About the event
Keiko Hara’s exploration of her relationship to her surrounding environment has been continually formulated through the artist’s ongoing series titled, Topophilia. Meaning “a strong love of place,” the term topophilia, with its connection to humanistic geography, also represents a universal desire to hold onto ephemeral moments of beauty and sadness as related to conceptions of place—even if unattainable. This mini-survey exhibition chronicles Hara’s unwavering commitment to painting and her unique form of Mokuhanga, Japanese woodblock printmaking, over a 40-year period. Her abstract compositions are at once immensely sensitive yet executed in vibrant color with references to water, fire, skies, and verdant lands, offering rich metaphorical imagery. Hara’s longtime home in Walla Walla, Washington, situated in an expansive valley flanked by the Blue Mountains, figures centrally within her work as does a more internal investigation into the poetics of space. Tactility of things, their reference to nature, and how we perceive, feel, and understand the universe that we inhabit are all conditions of Hara’s visual enterprise.
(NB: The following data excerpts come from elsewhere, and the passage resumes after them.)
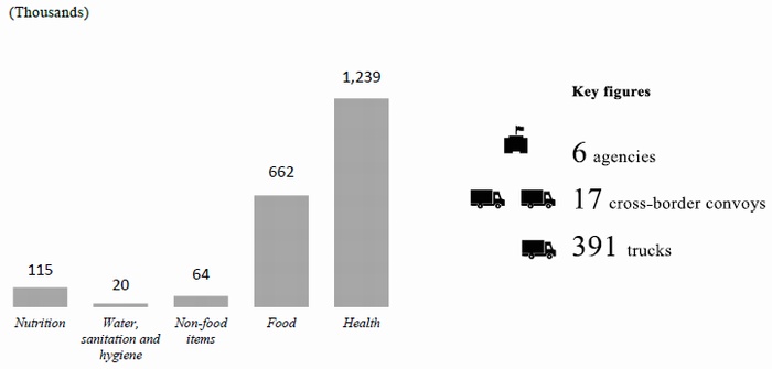 Number of beneficiaries assisted by the United Nations and its partners per cluster through cross-border humanitarian deliveries, July 2017
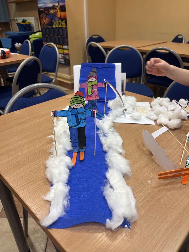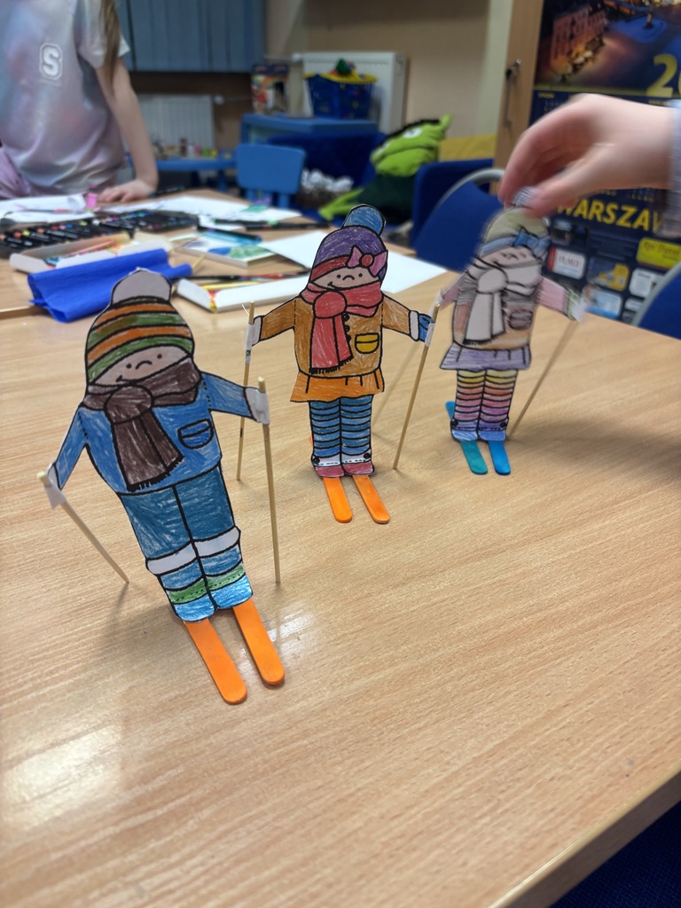 Nie zabrakło też ruchu i śmiechu! Wspólnie bawiliśmy się w zabawy z papierowymi kulkami, a na zakończenie dzieci wykonały kolorowe figurki narciarzy. Do zobaczenia w marcu!
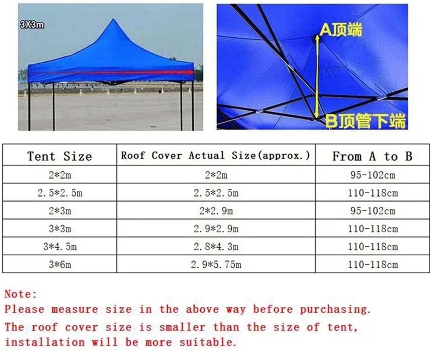Material: oxford clothSize(approx.): 2*2m/2.5*2.5m/2*3m/3*3m/3*4.5m/Package Include:1 x roof cloth(not include frame)Size Guide:The 2*2 m model actually size about 2*2m, suit for 2*2m tentThe 2.5*2.5 m model actually size about 2.5*2.5m, suit for 2.5*2.5m tentThe 2*3 m model actually size about 2*2.9m , suit for 2*3m tentThe 3*3 m model actually size about 2.9*2.9m, suit for 3*3m tentThe 3*4.5 m model actually size about 2.8*4.3m , suit for 3*4.5m tentNotice: Only Include gazebo roof cloth. Not include gazebo frame and wrap wall cloth.Actually manually measured size may have some differences, it is in the range of ± 10cm.Due to different lighting and shooting conditions, the picture color may has a little differences with actual product.
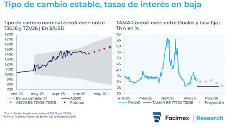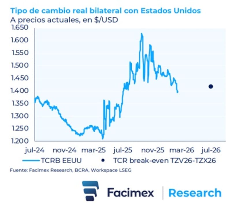 “Al cierre de la semana, el tipo de cambio real bilateral break-even entre el Boncer de junio (TZX26) y el Bonte de junio (TZV26) anticipaba una depreciación real del peso de 1,8% hacia mitad de año, tomando como referencia una inflación break-even a un año de 3,37% para Estados Unidos. Es una proyección que contrasta, si bien no tan demasiado, con nuestro escenario base; que descuenta una leve apreciación hacia mitad de año”, detalló.

Hara was born in North Korea to Japanese parents, raised in Japan, and moved to the United States in 1971. She studied printmaking at Cranbrook Academy of Art in Michigan earning an MFA in 1976. Hara taught for many years at Whitman College in Walla Walla, Washington, retiring in 2006. With numerous one-person exhibitions to her credit since 1976, Hara has also been included in invitational group exhibitions throughout the United States. Among museums that include Hara’s work in their permanent collections are the National Gallery, the Art Institute of Chicago, the Milwaukee Art Museum, the Racine Art Museum, and the Detroit Institute of Arts.